How to model a permanent magnet?

[omoplata]

This is sort of a thought experiment. I want to find out if my approach to this is correct.

How can I analytically find the magnetic field from a permanent magnet?

My approach would be to consider the magnet to be a lattice, with each lattice point being a molecule with a magnetic dipole moment \vec{\mu} (CAN typical permanent magnets be considered to be this kind of lattices?). Then I would calculate the magnetic field \vec{B_{i}}(\vec{r}) due a magnetic moment at a generic position vector \vec{r}. Spatial integration over the whole magnet would give me the total magnetic field \vec{B(\vec{r})} at \vec{r}.

How do I calculate the magnetic dipole moment of each molecule?

If a typical permanent magnet indeed is a lattice, what makes all of them align in the same direction so all the magnetic dipole moments add up?

How does temperature affect this? Wouldn't the molecules oscillate as the temperature increases, and be less aligned in one direction as a whole?

How would the molecules affect each other?
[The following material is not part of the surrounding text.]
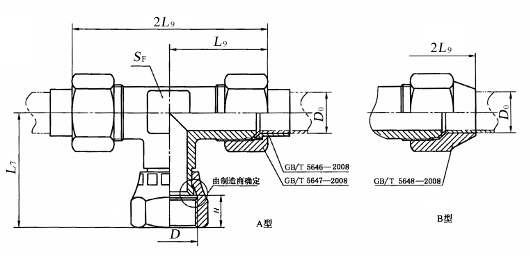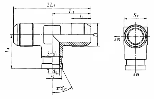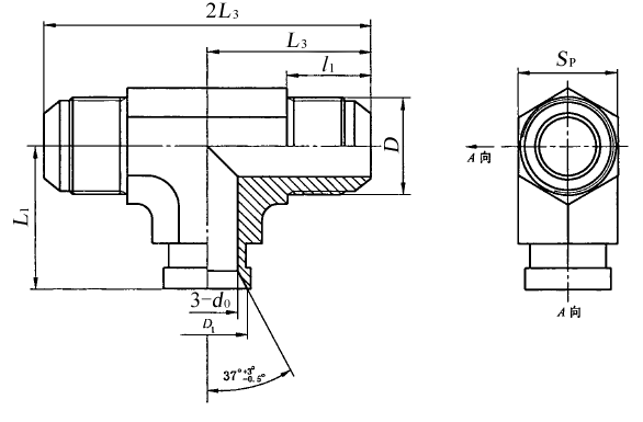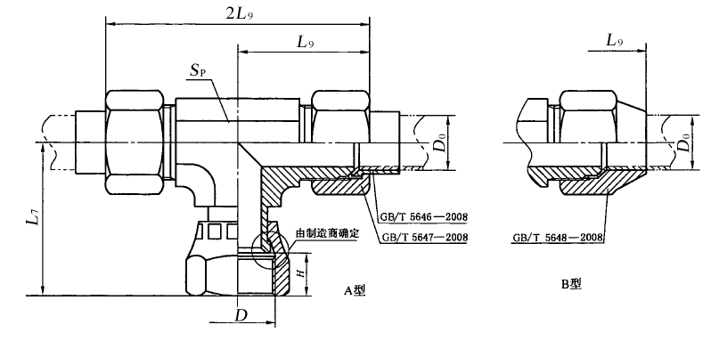 图4 扩口式组合三通接头体 标记示例 扩口型式A,管子外径为10mm,表面镀锌处理的钢制扩口式组合三通管接头标记为: 管接头 GB/T 5638 A10 扩口型式A,管子外径为10mm,表面镀锌处理的钢制扩口式组合三通接头体标记为: 接头体 GB/T 5638 A10 |

Would it be like the Ising model (I just learned about it), only more complex? Would they affect each other quantum mechanically, interfering with each others wavefunctions?

Do solid state physicists try to model magnets like this in real life?

Thanks

 

[JesseC]

How can I analytically find the magnetic field from a permanent magnet?

With some difficulty I imagine. I assume we're talking about ferromagnets as opposed to ferrimagnets? Ferromagnets are actually split into domains where most atomic magnetic moments are aligned. However separate domains may not be aligned ...

How do I calculate the magnetic dipole moment of each molecule?

Working out dipole moments of molecules is very difficult I think, whereas single atomic moments are easier to calculate with rough accuracy. It requires a knowledge of how the electrons in each atom are filling the outer orbital levels (Hunds rules), and then from there it is possible to estimate the magnetic moment of the atom/ion.

If a typical permanent magnet indeed is a lattice, what makes all of them align in the same direction so all the magnetic dipole moments add up?

The interaction between neighbouring magnetic dipoles is almost negligible in a ferromagnet. The dominant interaction is the exchange interaction.

How does temperature affect this? Wouldn't the molecules oscillate as the temperature increases, and be less aligned in one direction as a whole?

Yes, the degree of magnetisation is heavily dependant on temperature. Read about Curie's Law.

How would the molecules affect each other? Would it be like the Ising model (I just learned about it), only more complex? Would they affect each other quantum mechanically, interfering with each others wavefunctions?

Again: see exchange interaction. Also at the atomic distance scale everything is quantum mechanical!

 

[omoplata]

Thanks! I will look into the concepts you have mentioned.